Hey,
So I currently have a Code Repository set up, and within this I have imported a REST API as a source (called “Gdelt2Retrieve”) . Within this REST API, I also have a webhook called ("Gdelt2) configured. I can run this in the data connection tab and successfully see the correct results from the webhook/API. I also have the egress policies set up.
I am trying to configure this webhook in a code repository, with the end goal of having this function imported into pipeline builder (This would be the input for the rest of the pipeline). I also have the transform-external-systems setting enabled from the documentation. From my understanding, I have to call the webhook, and also have an output as a dataset.
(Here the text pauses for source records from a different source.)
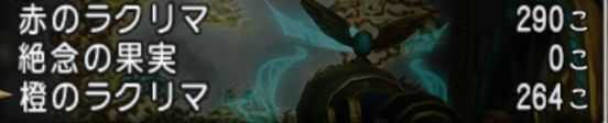 赤のラクリマ290個、橙(だいだい)のラクリマ264個ゲットだぜ!こんなにラクリマ集めてどーすんだw。日課でせっせと集めておりまするw。
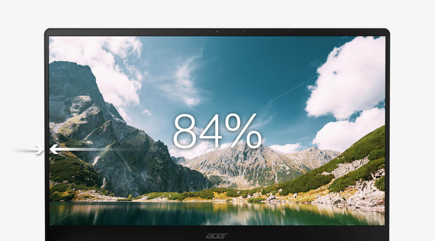 Více obrazu na menším prostoru Díky velmi úzkému rámečku ze dvou stran a působivému poměru obrazovky k tělu vidíte ze 14" FHD IPS dotykové obrazovky mnohem více. Technologie Acer Color Intelligence™ a Exacolor zajišťují lepší barevný kontrast.
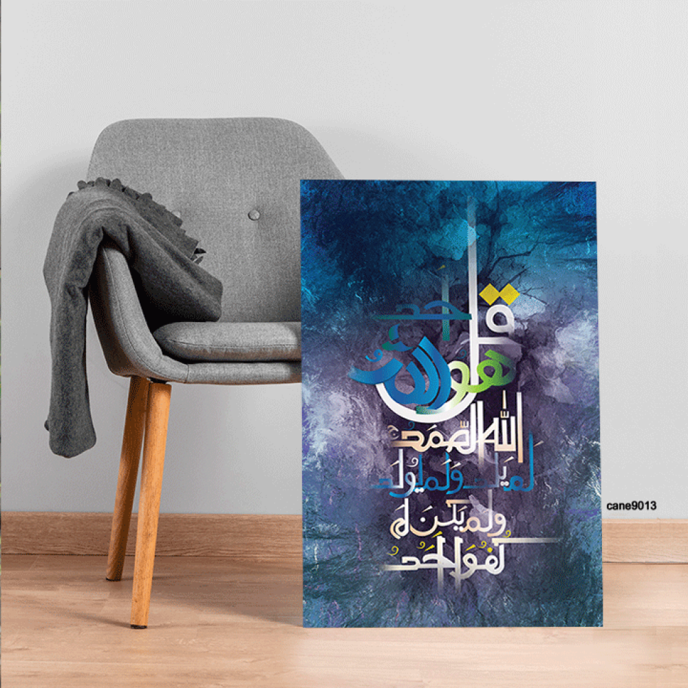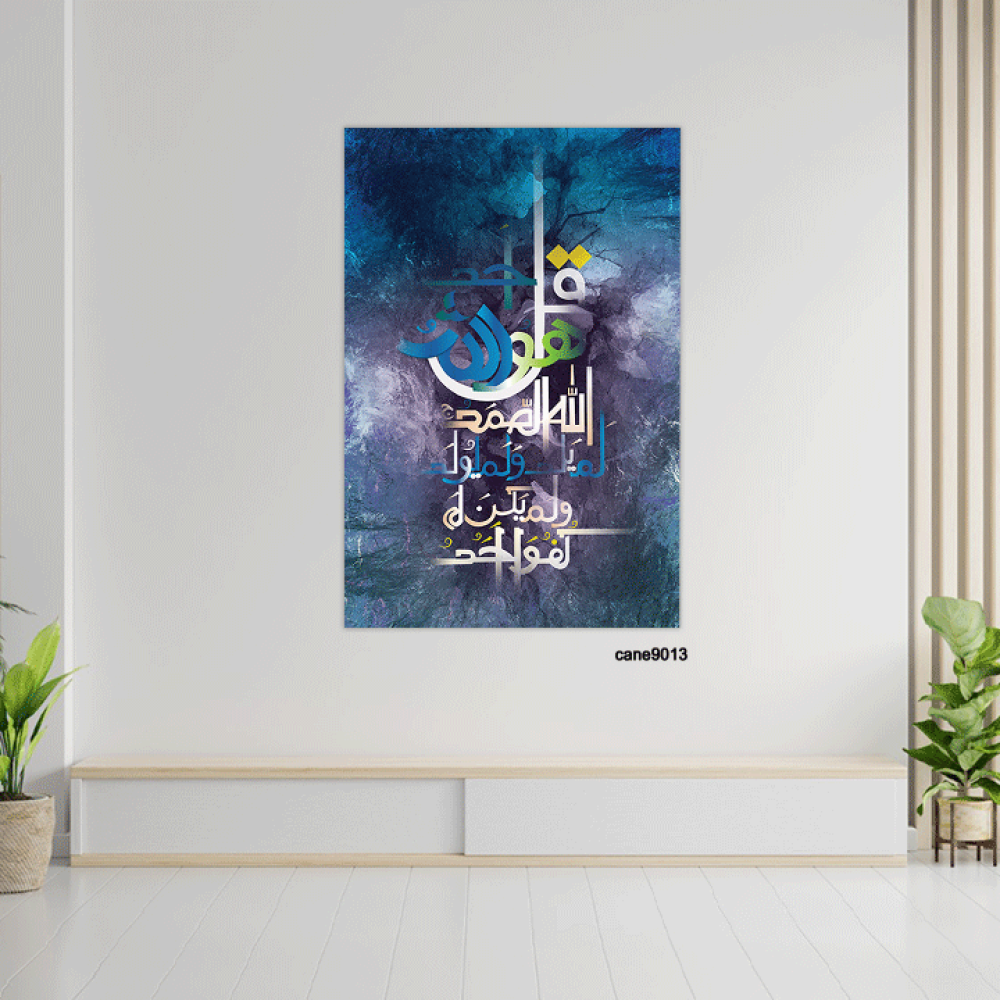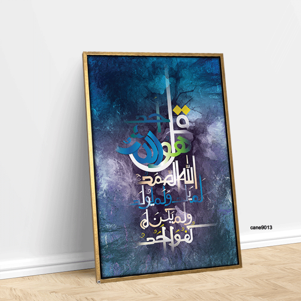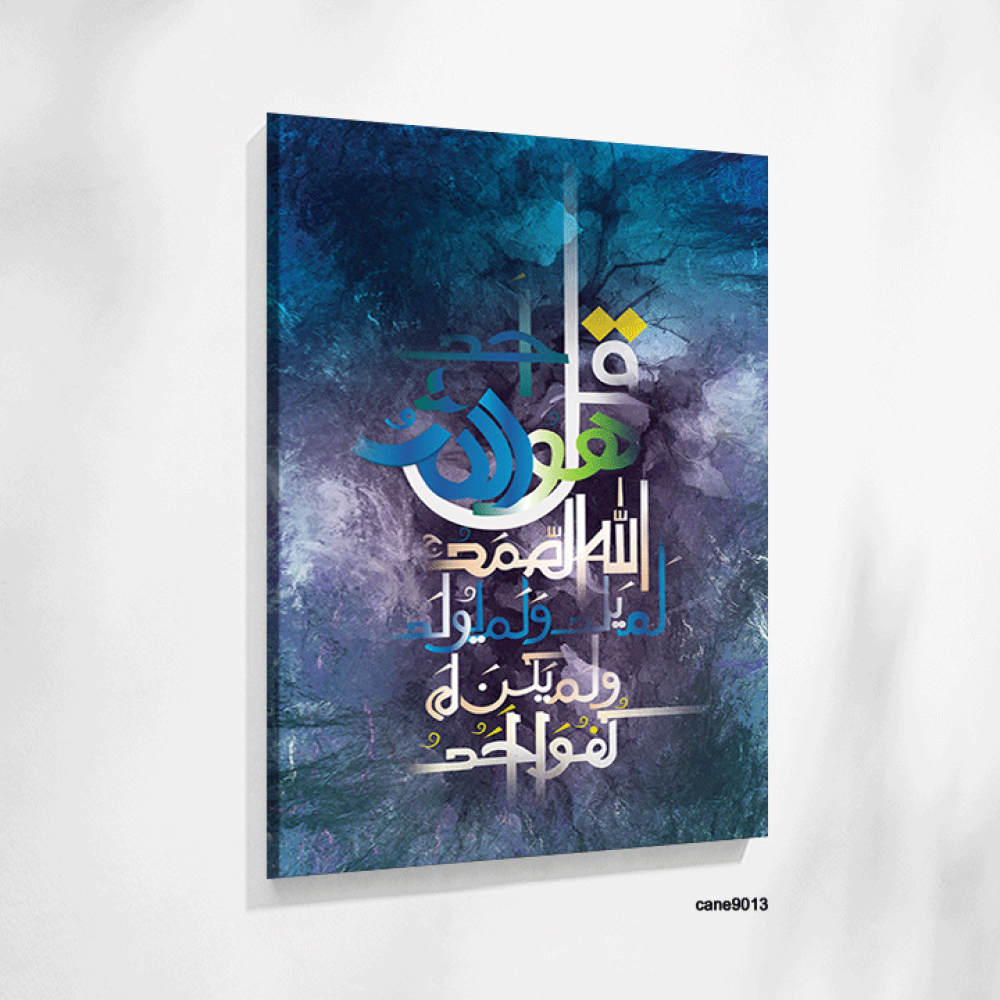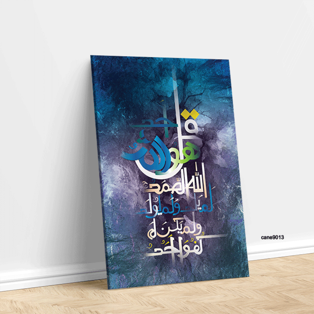 لوحة جدارية كانفس آية (سورة الأخلاص ) درجات أزرق وبنفسجي وأبيض
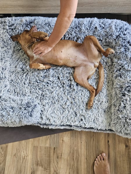 Wichtig ist für Flora, dass sie eine Decke hat, wenn man mit ihr in ein Kaffee oder generell Ausflüge macht geht. Dann legt sie sich ab und ist super entspannt.
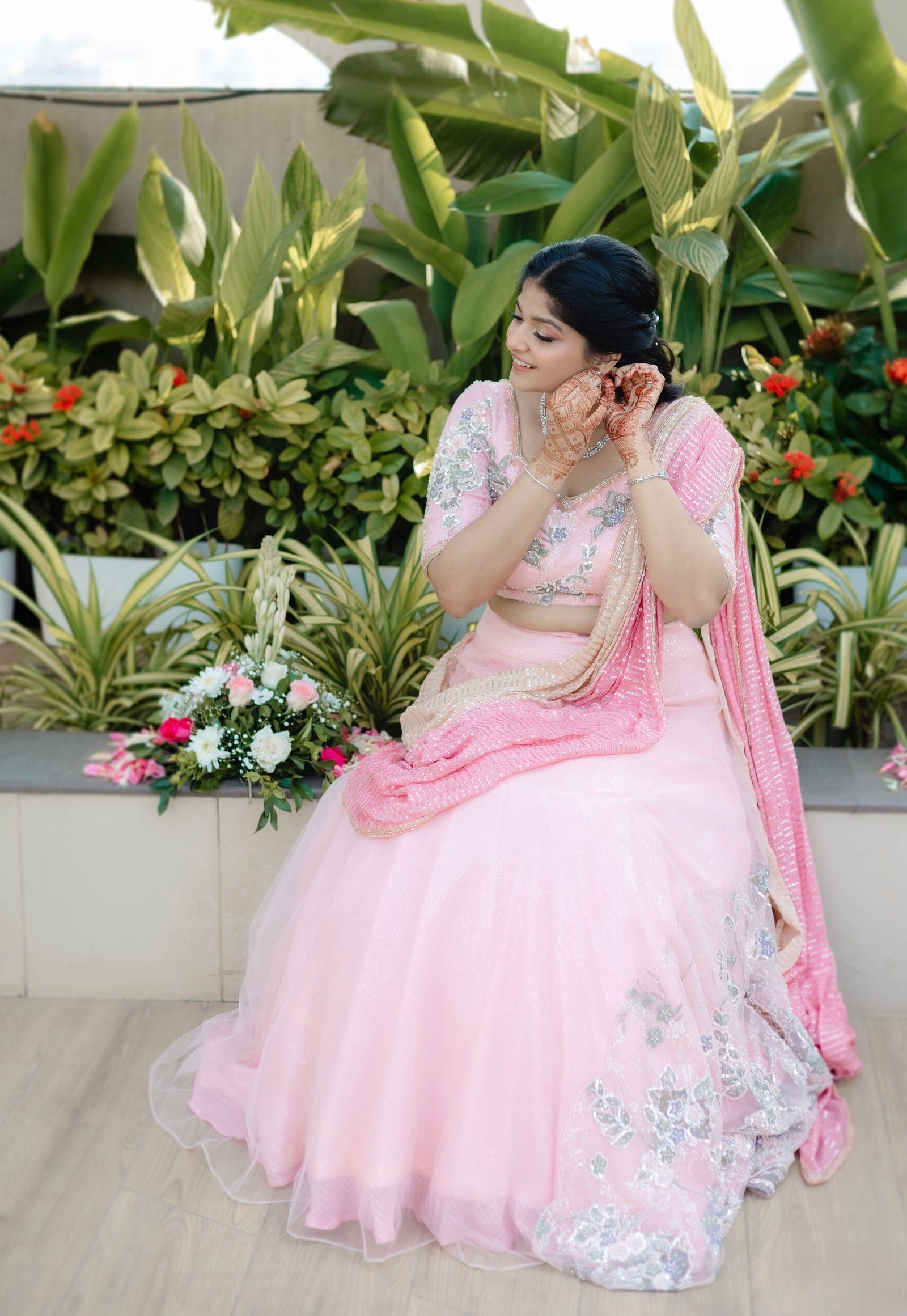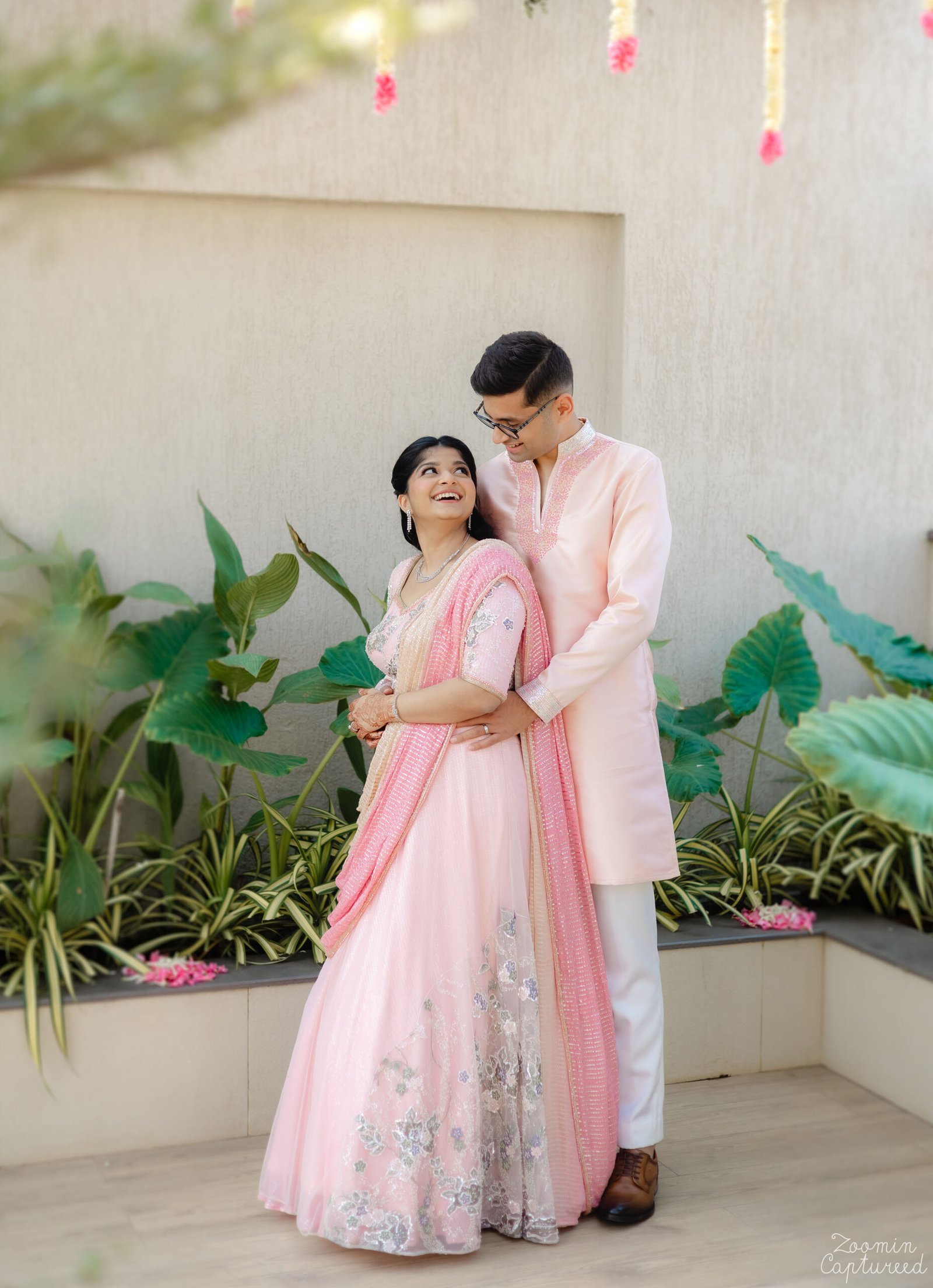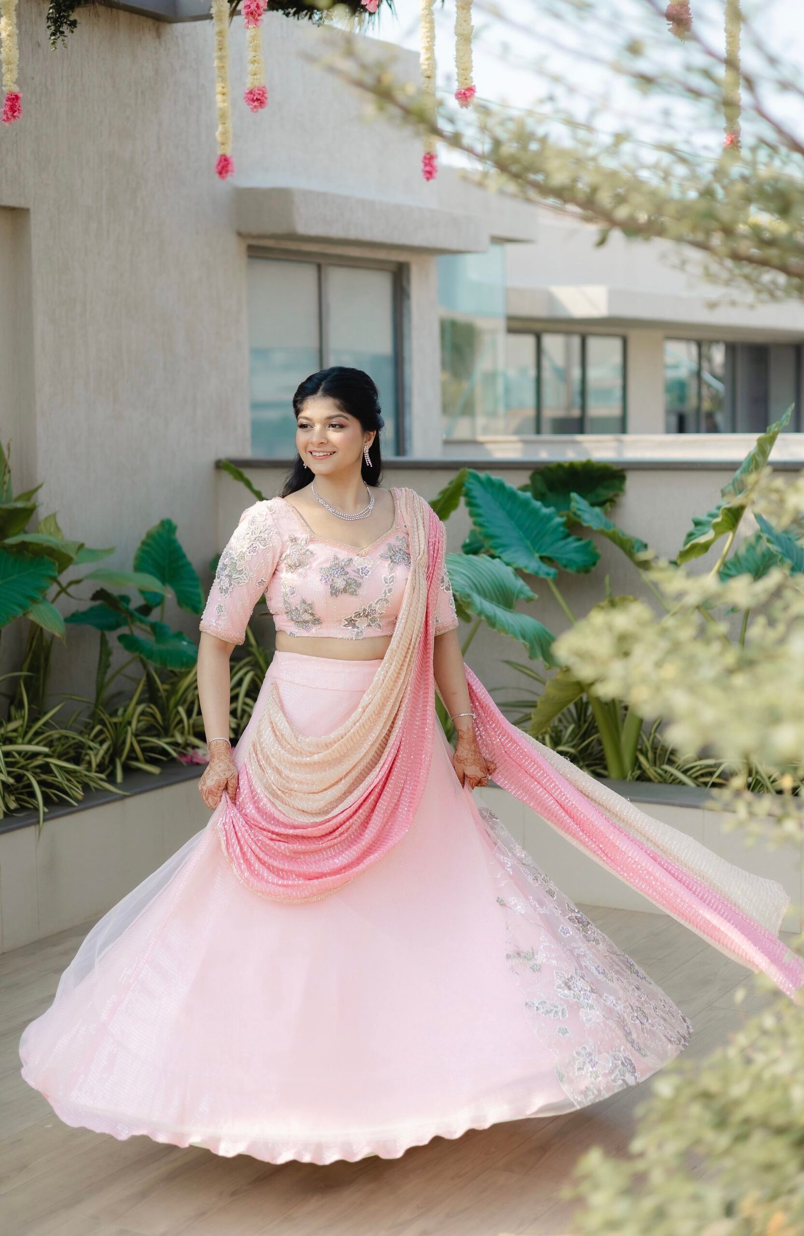 For our JV Bride we designed a pre-draped lehenga set with one-sided embroidery, perfect for her morning Roka Ceremony.
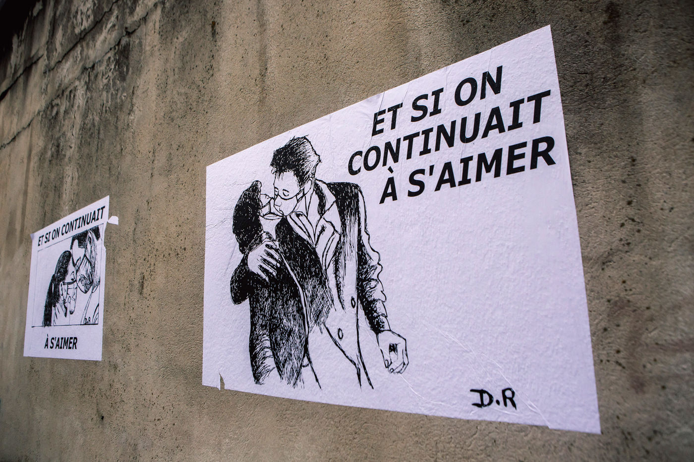 L'artiste de Street Art D.R a coller des affiches sur le theme Et si on continuait a s aimer sur les murs de la ville de Bergerac.

Could somebody tell me if I am on the right track with this code? I tried to mimic the documentation:
from palantir.datasets.core import Dataset
from palantir.datasets.webhooks import WebhookClient
from pyspark.sql import function
@function(sources=["Gdelt2Retrieve"])
def call_webhook() -> str:
# Create a WebhookClient instance
webhook_client = WebhookClient()
# Execute the webhook
try:
response = webhook_client.execute("Gdelt2")
except Exception as e:
return f"Error: Webhook call failed due to an exception: {e}"
# Check if the webhook execution was successful
if response.status_code != 200:
return f"Error: Webhook call failed with status code {response.status_code}, response: {response.text}"
# Process the response data
try:
data = response.json() # Extract JSON data
except ValueError:
return "Error:"
return str(data)
Also, after importing my API: ‘Gdelt2Retrieve’, In the resources side tab it gives me this starter code:
import requests
@function(sources=["Gdelt2Retrieve"])
def my_function() -> String:
# TODO: specify endpoint url
response = requests.get(...)
if response.status_code != 200:
# Handle error
data = response.json()
# Use response data
I don’t necessarily need to use the function, but I figured this would be the easiest way to get a webhook integrated into the pipeline builder.